(Extracted records)
------
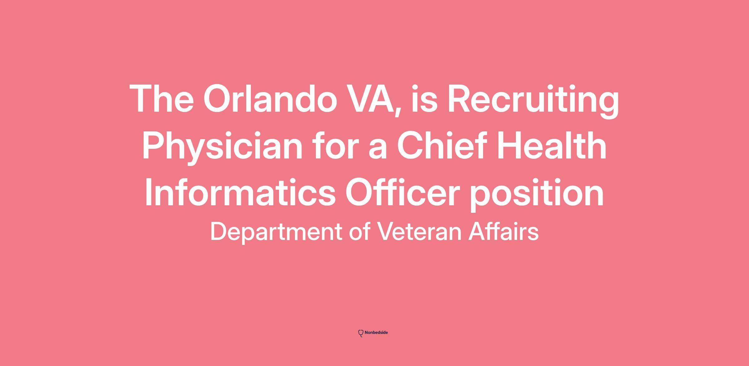 Sunny Orlando, FL Seeks Chief Health Informatics Officer.
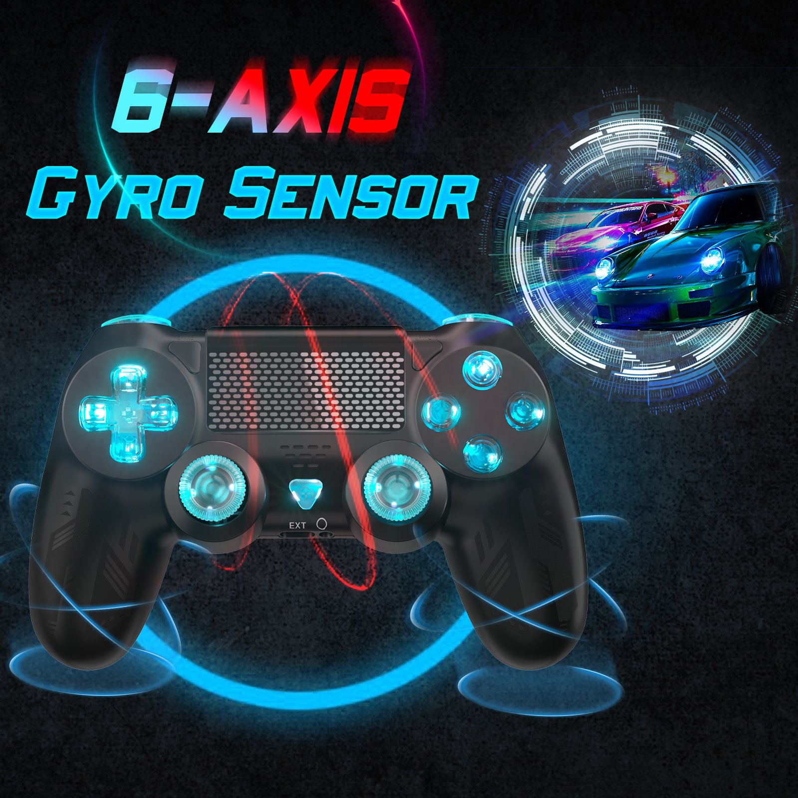 Dual Vibration Feedback & Gyro Sensor: With built-in dual vibration motors and a 6-axis gyroscope, the controller enhances realism for PS4 gamers, allowing you to feel every hit, crash, and explosion through tactile feedback.
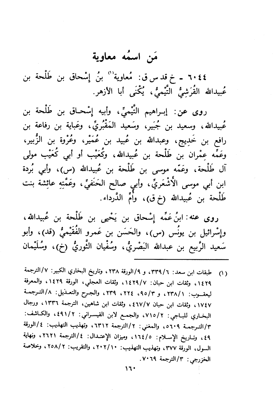 6044 - خ قد س ق: معاوية بن إسحاق بْن طلحة بْن عُبَيد الله القرشي التَّيْمِيّ (1) ، يكنى أَبَا الأزهر.
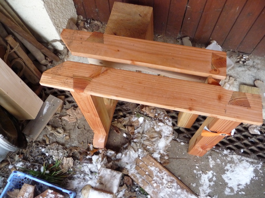 je me suis donc senti obligé des les utiliser et pour la scie égoïne il me fallait un banc de sciage donc au boulot !!!
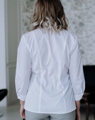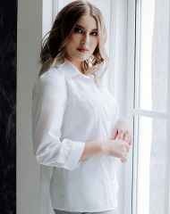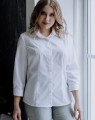 Эту блузку можно назвать моделью вне времени: скромная и в то же время элегантная, она поистине незаменима в классическом женском гардеробе. Блузка отличается простым, слегка приталенным кроем, рукавом 3/4 на манжетах, классическим воротником. Сорочечная ткань : 55% хлопка и 45% ПЭ
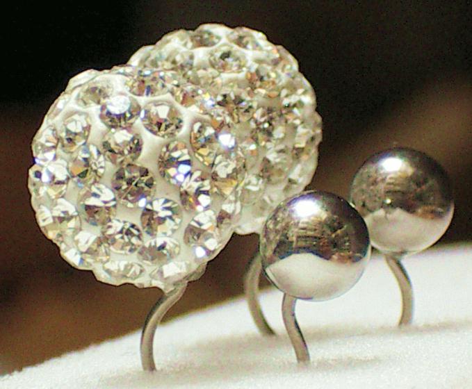 前後のボール部分を含む、耳にはさむ金具全体がメッキ不使用のステンレス製です。 さらに詳しく&ご注文ページへ
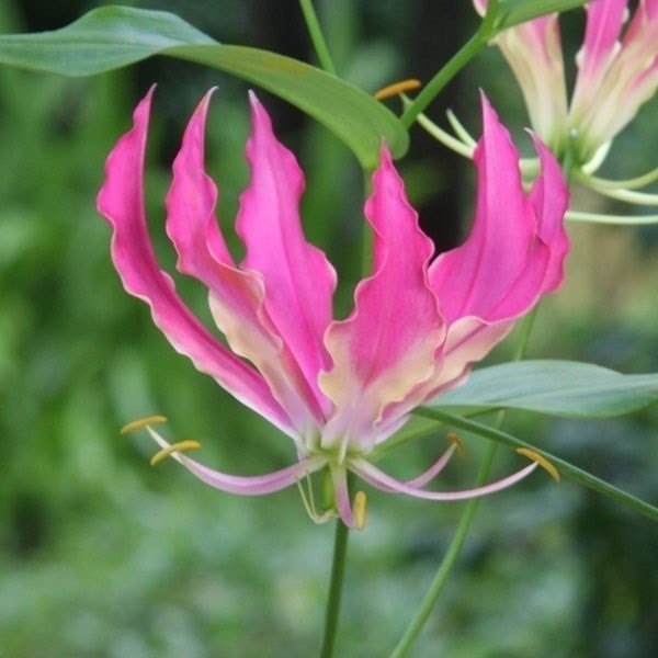 グロリオサはユニークな花形と花もちの良さから切花やアレンジに大人気!! つる性で、花壇で咲き誇る姿もステキ。
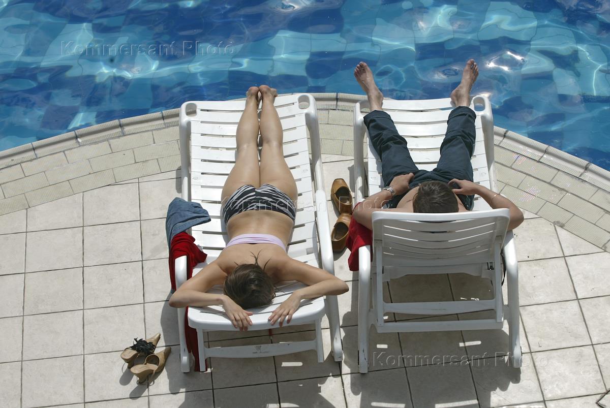 People are getting a sun-tan at yacht club "Vodnik".
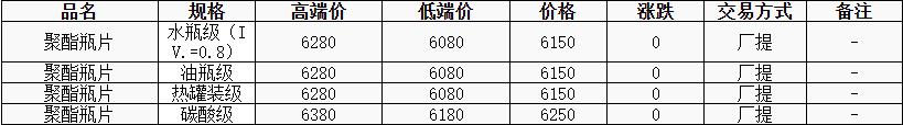 華東聚酯瓶片價(jià)格持穩(wěn)至6150元/噸。原油及原料價(jià)格上漲,聚酯瓶片工廠報(bào)價(jià)上調(diào)20-50元/噸,場(chǎng)內(nèi)低價(jià)貨源消失,重心暫時(shí)僵持。下游昨集中補(bǔ)貨,今交投恢復(fù)清淡。
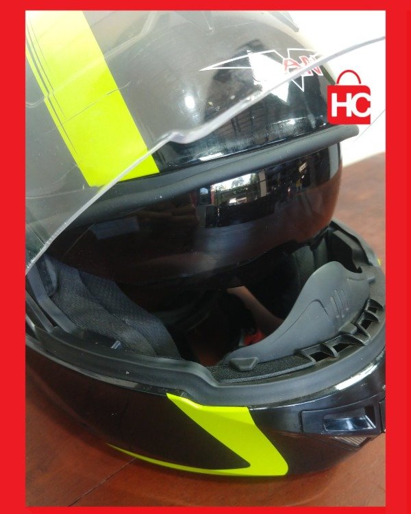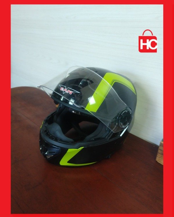 ¿Salís a la ruta y buscás protección sin resignar estilo? Este casco CAN es el compañero ideal para tus viajes. 🏍️✨ Con su diseño aerodinámico en negro y detalles en amarillo flúor, no solo te brinda la seguridad que necesitás, sino que asegura que seas visto en todo momento, dándote esa tranquilidad extra al manejar.
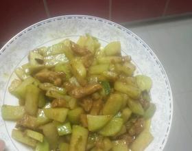 油热了把肥肉下锅微出油,再把瘦肉下锅。翻炒后盛出来。
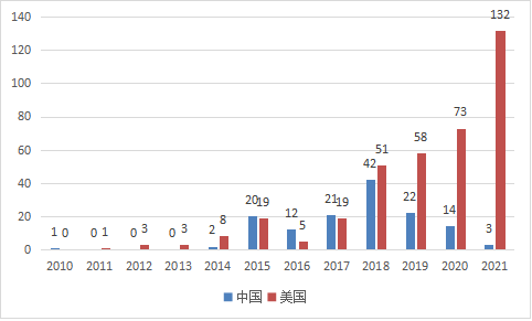 (六)独角兽企业数量增长明显减速。无论是独角兽企业的新增数量还是准独角兽企业的形成数量,我国都滞后于美国甚至印度。2018年以来的中美贸易摩擦以及2021年初以来的平台经济“强监管”政策都加速了新增独角兽公司的数量的全球分化。根据最新榜单,中国的新兴独角兽公司有27家,落后于印度的32家,2021年中国新增独角兽企业仅3家,明显落后于美国的132家。在全球数字经济的竞争格局中“不进则退”。
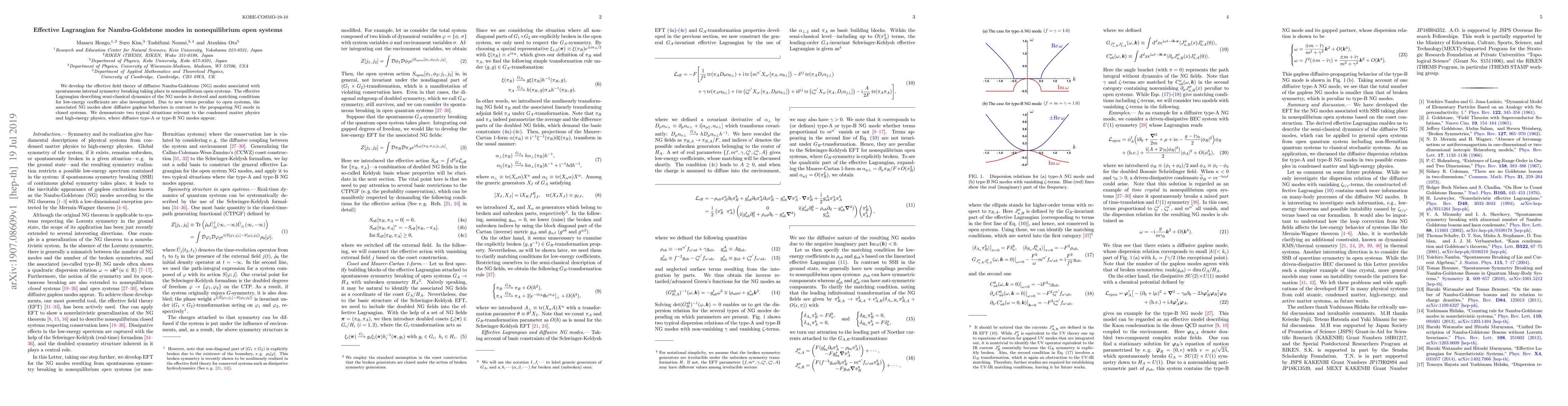The paper presents a comprehensive EFT for NG modes in nonequilibrium open systems, including a general GA-invariant Schwinger-Keldysh effective Lagrangian and detailed matching conditions for low-energy coefficients.
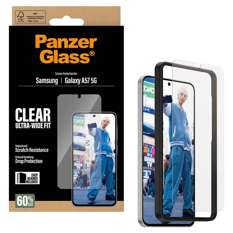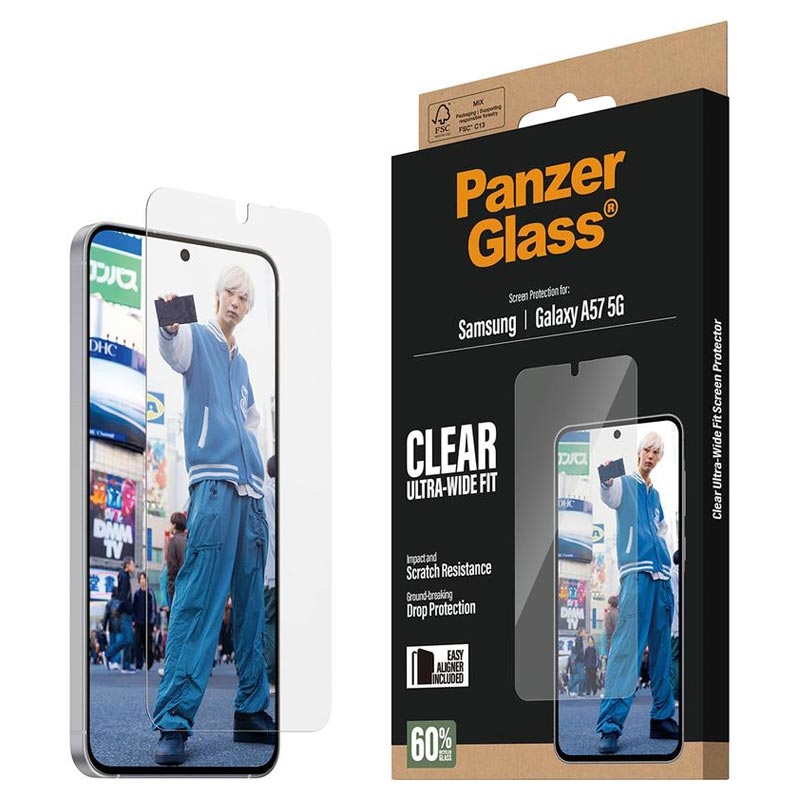 PanzerGlass Ultra-Wide Fit -näytönsuojus EasyAlignerilla on Samsung Galaxy A57 -puhelimesi äärimmäinen suojaus jokapäiväisiä vaurioita vastaan. Älä anna vahingossa tapahtuvien kolhujen tai murskaavien putoamisten pilata laitettasi. Tämän naarmuja ja iskuja kestävän näytönsuojan avulla voit nauttia korkeatasoisesta pudotussuojasta ja pitää puhelimesi koskemattoman näköisenä. Mukana tulevan EasyAligner-työkalun ansiosta myös asennus ei ole koskaan ollut helpompaa.
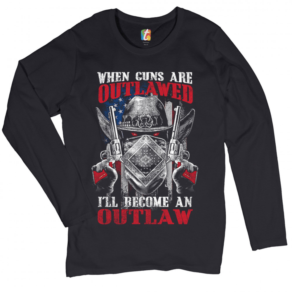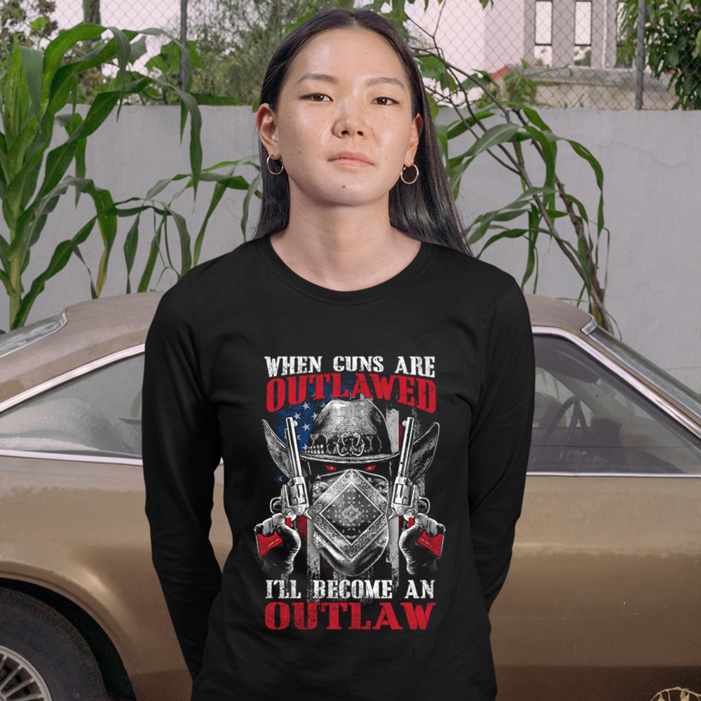 WHEN GUNS ARE OUTLAWED I'LL BECOME AN OUTLAW women's long sleeve t-shirt 2a gun black
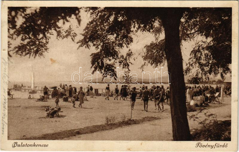 1929 Balatonkenese, Fövenyfürdő, strand (r) https://www.darabanth.com/hu/442-Gyorsarveres/442.0/Kepeslapok/Magyarorszag~2000005/1929-Balatonkenese-Fovenyfurdo-strand-r~II2906304
------
**Exercise prompt:** Set every record down again verbatim, without pictures.

**Exercise answer:**
 Sunny Orlando, FL Seeks Chief Health Informatics Officer.
 Dual Vibration Feedback & Gyro Sensor: With built-in dual vibration motors and a 6-axis gyroscope, the controller enhances realism for PS4 gamers, allowing you to feel every hit, crash, and explosion through tactile feedback.
 6044 - خ قد س ق: معاوية بن إسحاق بْن طلحة بْن عُبَيد الله القرشي التَّيْمِيّ (1) ، يكنى أَبَا الأزهر.
 je me suis donc senti obligé des les utiliser et pour la scie égoïne il me fallait un banc de sciage donc au boulot !!!
 Эту блузку можно назвать моделью вне времени: скромная и в то же время элегантная, она поистине незаменима в классическом женском гардеробе. Блузка отличается простым, слегка приталенным кроем, рукавом 3/4 на манжетах, классическим воротником. Сорочечная ткань : 55% хлопка и 45% ПЭ
 前後のボール部分を含む、耳にはさむ金具全体がメッキ不使用のステンレス製です。 さらに詳しく&ご注文ページへ
 グロリオサはユニークな花形と花もちの良さから切花やアレンジに大人気!! つる性で、花壇で咲き誇る姿もステキ。
 People are getting a sun-tan at yacht club "Vodnik".
 華東聚酯瓶片價(jià)格持穩(wěn)至6150元/噸。原油及原料價(jià)格上漲,聚酯瓶片工廠報(bào)價(jià)上調(diào)20-50元/噸,場(chǎng)內(nèi)低價(jià)貨源消失,重心暫時(shí)僵持。下游昨集中補(bǔ)貨,今交投恢復(fù)清淡。
 ¿Salís a la ruta y buscás protección sin resignar estilo? Este casco CAN es el compañero ideal para tus viajes. 🏍️✨ Con su diseño aerodinámico en negro y detalles en amarillo flúor, no solo te brinda la seguridad que necesitás, sino que asegura que seas visto en todo momento, dándote esa tranquilidad extra al manejar.
 油热了把肥肉下锅微出油,再把瘦肉下锅。翻炒后盛出来。
 (六)独角兽企业数量增长明显减速。无论是独角兽企业的新增数量还是准独角兽企业的形成数量,我国都滞后于美国甚至印度。2018年以来的中美贸易摩擦以及2021年初以来的平台经济“强监管”政策都加速了新增独角兽公司的数量的全球分化。根据最新榜单,中国的新兴独角兽公司有27家,落后于印度的32家,2021年中国新增独角兽企业仅3家,明显落后于美国的132家。在全球数字经济的竞争格局中“不进则退”。
The paper presents a comprehensive EFT for NG modes in nonequilibrium open systems, including a general GA-invariant Schwinger-Keldysh effective Lagrangian and detailed matching conditions for low-energy coefficients.
 PanzerGlass Ultra-Wide Fit -näytönsuojus EasyAlignerilla on Samsung Galaxy A57 -puhelimesi äärimmäinen suojaus jokapäiväisiä vaurioita vastaan. Älä anna vahingossa tapahtuvien kolhujen tai murskaavien putoamisten pilata laitettasi. Tämän naarmuja ja iskuja kestävän näytönsuojan avulla voit nauttia korkeatasoisesta pudotussuojasta ja pitää puhelimesi koskemattoman näköisenä. Mukana tulevan EasyAligner-työkalun ansiosta myös asennus ei ole koskaan ollut helpompaa.
 WHEN GUNS ARE OUTLAWED I'LL BECOME AN OUTLAW women's long sleeve t-shirt 2a gun black
 1929 Balatonkenese, Fövenyfürdő, strand (r) https://www.darabanth.com/hu/442-Gyorsarveres/442.0/Kepeslapok/Magyarorszag~2000005/1929-Balatonkenese-Fovenyfurdo-strand-r~II2906304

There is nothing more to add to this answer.